## Instructions for the task
Would you restate, word for word, only the lines starting at the one with "Carta Pokémon dorada" and ending with the final line of the entries below? Pictures stay out.

## Supplied data
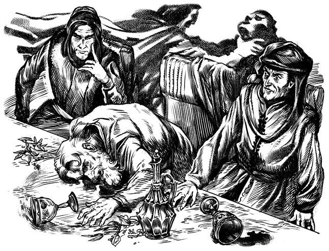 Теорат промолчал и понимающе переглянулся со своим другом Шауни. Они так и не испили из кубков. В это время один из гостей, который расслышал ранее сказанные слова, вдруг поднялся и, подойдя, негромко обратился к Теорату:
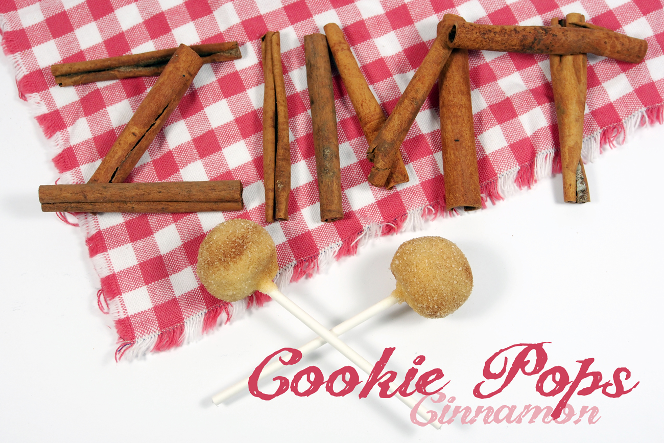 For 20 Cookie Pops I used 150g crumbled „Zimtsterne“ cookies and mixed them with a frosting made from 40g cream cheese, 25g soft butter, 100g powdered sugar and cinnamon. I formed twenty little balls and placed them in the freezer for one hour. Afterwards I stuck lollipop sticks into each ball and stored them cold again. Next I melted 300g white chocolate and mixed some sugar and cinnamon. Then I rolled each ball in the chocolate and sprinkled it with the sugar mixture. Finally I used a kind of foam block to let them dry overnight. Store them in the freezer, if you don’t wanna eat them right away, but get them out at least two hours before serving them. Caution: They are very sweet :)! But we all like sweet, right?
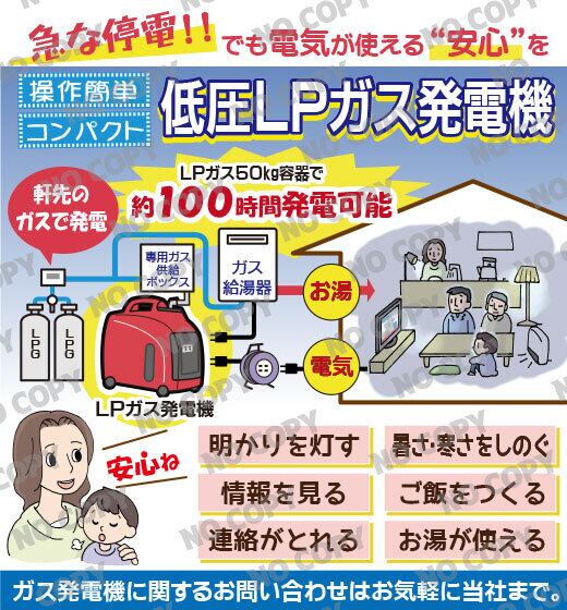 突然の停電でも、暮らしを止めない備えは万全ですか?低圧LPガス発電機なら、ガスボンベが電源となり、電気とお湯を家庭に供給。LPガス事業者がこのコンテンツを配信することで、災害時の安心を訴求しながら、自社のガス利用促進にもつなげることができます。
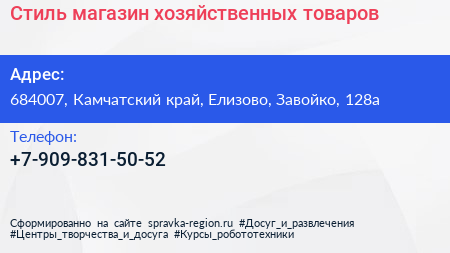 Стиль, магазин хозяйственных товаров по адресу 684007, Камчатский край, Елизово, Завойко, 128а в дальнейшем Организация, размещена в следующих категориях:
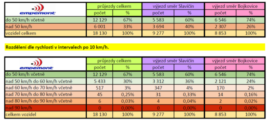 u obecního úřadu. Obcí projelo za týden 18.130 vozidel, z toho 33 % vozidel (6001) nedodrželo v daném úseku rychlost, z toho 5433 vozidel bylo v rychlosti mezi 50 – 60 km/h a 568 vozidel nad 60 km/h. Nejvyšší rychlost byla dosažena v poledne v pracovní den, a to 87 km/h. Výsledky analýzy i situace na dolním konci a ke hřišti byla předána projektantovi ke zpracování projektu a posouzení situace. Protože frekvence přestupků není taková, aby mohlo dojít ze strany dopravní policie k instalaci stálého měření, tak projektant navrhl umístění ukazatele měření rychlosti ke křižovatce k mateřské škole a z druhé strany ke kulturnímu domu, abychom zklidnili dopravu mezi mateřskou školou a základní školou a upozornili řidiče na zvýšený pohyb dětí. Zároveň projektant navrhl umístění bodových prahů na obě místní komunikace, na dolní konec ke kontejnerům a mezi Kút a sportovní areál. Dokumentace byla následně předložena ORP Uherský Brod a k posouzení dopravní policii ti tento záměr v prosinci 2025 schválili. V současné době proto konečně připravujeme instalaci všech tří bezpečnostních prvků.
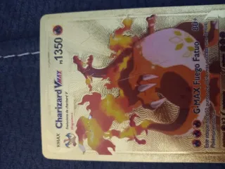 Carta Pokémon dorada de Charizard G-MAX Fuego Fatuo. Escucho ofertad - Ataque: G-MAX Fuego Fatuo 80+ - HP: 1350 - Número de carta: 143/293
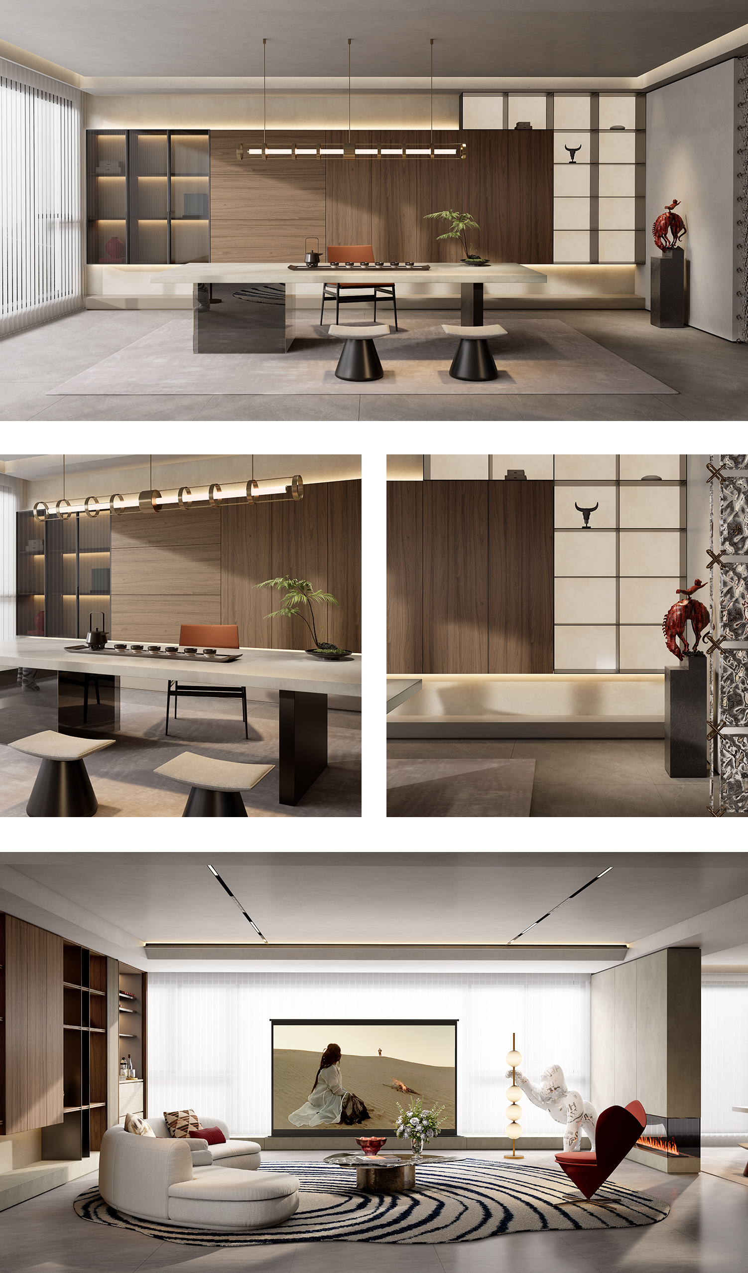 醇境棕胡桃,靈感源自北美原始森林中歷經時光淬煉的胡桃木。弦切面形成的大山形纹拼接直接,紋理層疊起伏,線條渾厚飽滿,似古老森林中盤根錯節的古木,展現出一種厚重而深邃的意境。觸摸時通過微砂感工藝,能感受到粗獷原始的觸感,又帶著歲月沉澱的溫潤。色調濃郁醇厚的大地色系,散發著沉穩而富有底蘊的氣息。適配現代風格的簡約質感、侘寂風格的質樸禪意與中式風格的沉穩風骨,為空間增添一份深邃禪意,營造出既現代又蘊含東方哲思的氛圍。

## Solution for this problem
 Carta Pokémon dorada de Charizard G-MAX Fuego Fatuo. Escucho ofertad - Ataque: G-MAX Fuego Fatuo 80+ - HP: 1350 - Número de carta: 143/293
 醇境棕胡桃,靈感源自北美原始森林中歷經時光淬煉的胡桃木。弦切面形成的大山形纹拼接直接,紋理層疊起伏,線條渾厚飽滿,似古老森林中盤根錯節的古木,展現出一種厚重而深邃的意境。觸摸時通過微砂感工藝,能感受到粗獷原始的觸感,又帶著歲月沉澱的溫潤。色調濃郁醇厚的大地色系,散發著沉穩而富有底蘊的氣息。適配現代風格的簡約質感、侘寂風格的質樸禪意與中式風格的沉穩風骨,為空間增添一份深邃禪意,營造出既現代又蘊含東方哲思的氛圍。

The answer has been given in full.